We first use the trig identity $\sin(2\theta)=2\sin\theta\cos\theta$ to rewrite $\sin(3t)\cos(3t)$; in particular, we have that $\sin(3t)\cos(3t)=\frac{1}{2}\sin(2\cdot(3t)) =\frac{1}{2}\sin(6t)$.

Now, I'm not sure exactly what formulas you can use, but if you can use certain formulas for Laplace Transforms, then you're done since we know $\mathcal{L}\left\{\frac{1}{2}\sin(6t)\right\} =\frac{1}{2}\mathcal{L}\{\sin(6t)\} =\dfrac{1}{2}\cdot\dfrac{6}{s^2+6^2} =\dfrac{3}{s^2+36}$.

Otherwise, we need to compute the Laplace Transform by first principles; to make this easier for us, let us first compute $\mathcal{L}\{e^{at}\}$ where $a\in\mathbb{R}$.

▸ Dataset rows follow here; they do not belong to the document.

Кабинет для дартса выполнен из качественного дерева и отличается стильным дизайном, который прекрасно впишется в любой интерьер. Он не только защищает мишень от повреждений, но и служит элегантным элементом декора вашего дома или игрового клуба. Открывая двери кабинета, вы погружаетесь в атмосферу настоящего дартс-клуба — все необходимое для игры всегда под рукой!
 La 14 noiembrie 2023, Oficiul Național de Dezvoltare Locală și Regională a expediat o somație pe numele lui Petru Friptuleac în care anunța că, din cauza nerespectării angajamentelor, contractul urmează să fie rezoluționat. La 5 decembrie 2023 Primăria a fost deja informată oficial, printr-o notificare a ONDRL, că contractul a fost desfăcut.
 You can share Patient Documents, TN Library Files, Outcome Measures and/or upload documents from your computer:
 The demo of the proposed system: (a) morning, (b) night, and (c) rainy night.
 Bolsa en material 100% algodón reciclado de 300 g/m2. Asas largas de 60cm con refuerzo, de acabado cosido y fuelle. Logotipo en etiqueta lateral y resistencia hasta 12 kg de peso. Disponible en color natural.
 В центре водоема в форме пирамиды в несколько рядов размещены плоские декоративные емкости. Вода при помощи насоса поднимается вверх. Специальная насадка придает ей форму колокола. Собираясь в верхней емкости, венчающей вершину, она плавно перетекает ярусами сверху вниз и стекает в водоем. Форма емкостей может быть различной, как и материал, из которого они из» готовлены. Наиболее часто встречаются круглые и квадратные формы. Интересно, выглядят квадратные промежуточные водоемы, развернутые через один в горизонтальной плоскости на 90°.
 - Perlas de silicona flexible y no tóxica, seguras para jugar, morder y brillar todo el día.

\[\begin{aligned}\mathcal{L}\{e^{at}\} &= \int_0^{\infty}e^{-st}e^{at}\,dt\\ &= \int_0^{\infty}e^{-(s-a)t}\,dt\\ &= \lim_{b\to\infty} \left.\left[-\frac{e^{-(s-a)t}}{s-a}\right]\right|_{0}^{b}\\ &= \lim_{b\to\infty} -\frac{e^{-(s-a)b}}{s-a} + \frac{1}{s-a}\end{aligned}\]
Note that $\displaystyle\lim_{b\to\infty}-\frac{e^{-(s-a)b}}{s-a}=0$ if $s>a$. Thus, we have that $\mathcal{L}\{e^{at}\}=\dfrac{1}{s-a}$ for $s>a$.

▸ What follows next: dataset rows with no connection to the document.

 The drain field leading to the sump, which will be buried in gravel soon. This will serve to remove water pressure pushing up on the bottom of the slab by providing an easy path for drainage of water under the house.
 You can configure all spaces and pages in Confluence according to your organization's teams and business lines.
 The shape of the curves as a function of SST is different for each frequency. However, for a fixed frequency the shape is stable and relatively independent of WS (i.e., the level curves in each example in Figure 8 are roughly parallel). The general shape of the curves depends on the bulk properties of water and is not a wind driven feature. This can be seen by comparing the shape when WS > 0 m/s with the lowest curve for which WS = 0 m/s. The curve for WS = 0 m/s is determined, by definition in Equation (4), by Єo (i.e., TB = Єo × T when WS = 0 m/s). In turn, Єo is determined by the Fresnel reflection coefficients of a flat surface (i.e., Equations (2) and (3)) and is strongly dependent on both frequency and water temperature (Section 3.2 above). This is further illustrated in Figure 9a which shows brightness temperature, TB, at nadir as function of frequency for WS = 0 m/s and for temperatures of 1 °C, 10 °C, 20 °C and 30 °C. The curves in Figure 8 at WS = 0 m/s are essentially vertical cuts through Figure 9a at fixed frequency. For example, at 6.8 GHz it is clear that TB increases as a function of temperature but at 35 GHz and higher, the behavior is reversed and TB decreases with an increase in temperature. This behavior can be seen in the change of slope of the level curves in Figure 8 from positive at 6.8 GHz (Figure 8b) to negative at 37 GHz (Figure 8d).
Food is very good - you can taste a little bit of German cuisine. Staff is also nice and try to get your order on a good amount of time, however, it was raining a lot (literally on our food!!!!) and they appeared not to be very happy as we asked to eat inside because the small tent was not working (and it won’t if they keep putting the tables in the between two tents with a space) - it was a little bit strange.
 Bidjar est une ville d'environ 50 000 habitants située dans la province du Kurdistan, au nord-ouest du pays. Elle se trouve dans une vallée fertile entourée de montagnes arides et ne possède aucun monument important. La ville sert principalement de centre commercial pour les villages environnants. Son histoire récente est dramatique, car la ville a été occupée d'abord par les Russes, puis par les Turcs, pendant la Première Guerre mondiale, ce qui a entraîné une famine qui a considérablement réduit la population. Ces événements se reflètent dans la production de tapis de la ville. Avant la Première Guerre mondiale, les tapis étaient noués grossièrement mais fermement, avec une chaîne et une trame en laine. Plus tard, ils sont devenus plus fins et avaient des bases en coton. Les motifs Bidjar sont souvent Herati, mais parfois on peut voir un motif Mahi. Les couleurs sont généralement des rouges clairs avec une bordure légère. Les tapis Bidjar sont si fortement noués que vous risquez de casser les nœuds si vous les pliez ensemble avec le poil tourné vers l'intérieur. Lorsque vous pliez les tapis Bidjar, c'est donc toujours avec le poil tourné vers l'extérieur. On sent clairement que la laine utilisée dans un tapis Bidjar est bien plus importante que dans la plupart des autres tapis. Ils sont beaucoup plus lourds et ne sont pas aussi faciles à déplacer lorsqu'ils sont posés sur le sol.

Now, how does this help us with computing $\mathcal{L}\{\sin(6t)\}$? Well, we know from complex variables that $\sin(kx)=\dfrac{e^{ikx}-e^{-ikx}}{2i}$, so it follows that
\[\begin{aligned}\mathcal{L}\{\sin(6t)\} &= \frac{1}{2i}\left[\mathcal{L}\left\{e^{6it}\right\} - \mathcal{L}\left\{e^{-6it}\right\}\right] \\ &= \frac{1}{2i}\left[\frac{1}{s-6i} - \frac{1}{s+6i}\right]\\ &= \frac{1}{2i}\left[\frac{12i}{s^2-(6i)^2}\right] \\ &= \frac{6}{s^2+36}\end{aligned}\]
And thus $\mathcal{L}\{\sin(3t)\cos(3t)\} =\frac{1}{2}\mathcal{L}\{\sin(6t)\}=\dfrac{3}{s^2+36}$.

I hope this makes sense!